On 31 March 2011 15:53, Stuart Dallas <stuart@xxxxxxxx> wrote:
> On Thursday, 31 March 2011 at 15:45, Nicholas Cooper wrote:
> Good day,
> >
> > I have three arrays A, B and C. Anyone of them might not have the 'id'
> key
> > set which will give the Notice "Undefined index: id".
> >
> > I just wanted to know what the correct approach to this problem would be;
> > without making the code overly complicated to read by introducing a
> number
> > of "if isset" statements.
> >
> > if ($arrayA['id'] == $arrayB['id'] || $arrayC['id'] == $arrayB['id']) {
> >
> > }
> >
> > I have notices switched off, but I want to know the right way to do this.

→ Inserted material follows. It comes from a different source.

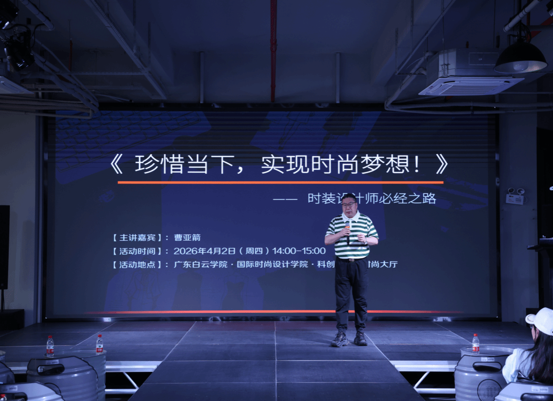 2026年4月2日下午,国际时尚设计学院于科创时尚大厅举办《珍惜当下,实现时尚梦想!——时装设计师必经之路》主题讲座。本次讲座特邀国家一级服装设计高级技师、全国技术能手、深圳市欧纺服装研究院副院长曹亚箭老师担任主讲人。国际时尚设计学院院长王家馨、副院长郭艳、杨旭,以及各专业教师及全院服装设计专业学子到场聆听学习。

> > There's probably a number of different right ways to solve this, how
> would
> > you do it?
>
> This is how I handle this...
>
> // Define this function somewhere global
> function ifsetor($array, $key, $default = null)
> {
> return (isset($array[$key]) ? $array[$key] : $default);
> }
>
> if (ifsetor($arrayA, 'id') == ifsetor($arrayB, 'id') || ifsetor($arrayC,
> 'id') == ifsetor($arrayB, 'id'))...
>
> If you need to avoid a match if neither $arrayA nor $arrayB have an id you
> simply pass a different default for each one.
>
> -Stuart
>
> --
> Stuart Dallas
> 3ft9 Ltd
>
> http://3ft9.com/
>
>
>
>
Thank you, that is quiet an elegant solution.
Very little additional code excluding the function and it could also easily
be extended for multi dimensional arrays by changing $key to an array and
looping through each index in turn.
Best Regards
Nicholas